• [Task statement] Please, from the entries below, transcribe exactly the lines that begin at the line with "A Hand Interacts" and end at the line with "1)L1的磁通會使L2產生互", without the pictures.

• [Provided entries]
+ + + + + + +

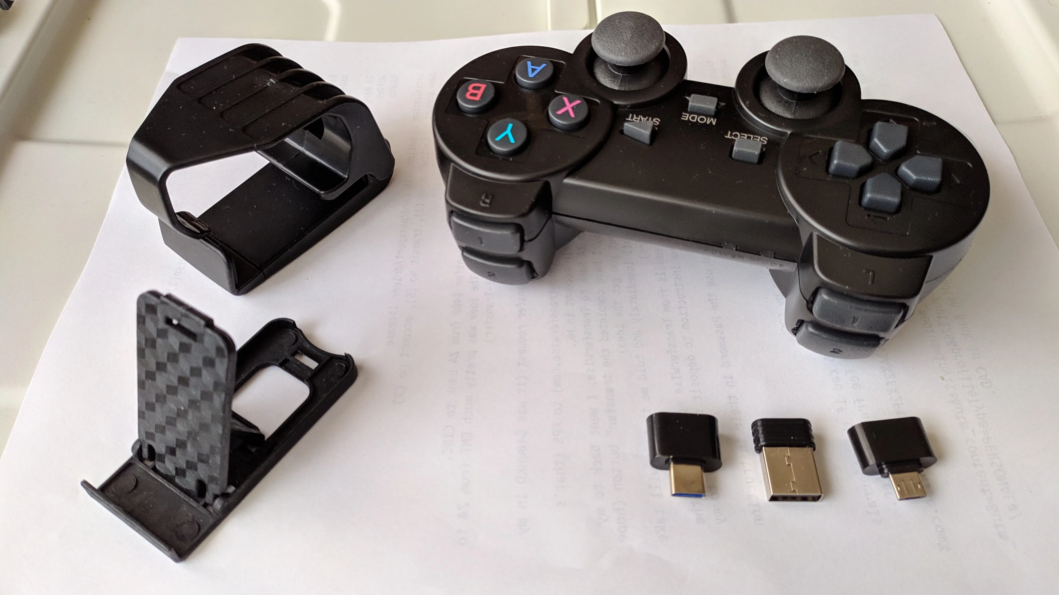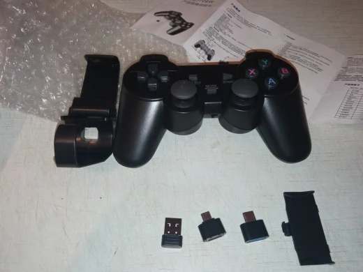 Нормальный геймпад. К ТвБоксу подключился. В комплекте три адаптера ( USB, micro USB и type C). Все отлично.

+ + + + + + +

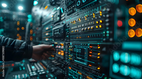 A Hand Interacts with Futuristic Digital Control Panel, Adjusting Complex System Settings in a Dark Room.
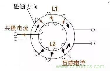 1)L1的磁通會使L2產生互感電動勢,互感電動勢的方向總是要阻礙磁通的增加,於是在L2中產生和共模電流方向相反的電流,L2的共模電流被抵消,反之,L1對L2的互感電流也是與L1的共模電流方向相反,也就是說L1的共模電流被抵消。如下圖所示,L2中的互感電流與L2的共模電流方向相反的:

+ + + + + + +

• [Result of this exercise]
 A Hand Interacts with Futuristic Digital Control Panel, Adjusting Complex System Settings in a Dark Room.
 1)L1的磁通會使L2產生互感電動勢,互感電動勢的方向總是要阻礙磁通的增加,於是在L2中產生和共模電流方向相反的電流,L2的共模電流被抵消,反之,L1對L2的互感電流也是與L1的共模電流方向相反,也就是說L1的共模電流被抵消。如下圖所示,L2中的互感電流與L2的共模電流方向相反的:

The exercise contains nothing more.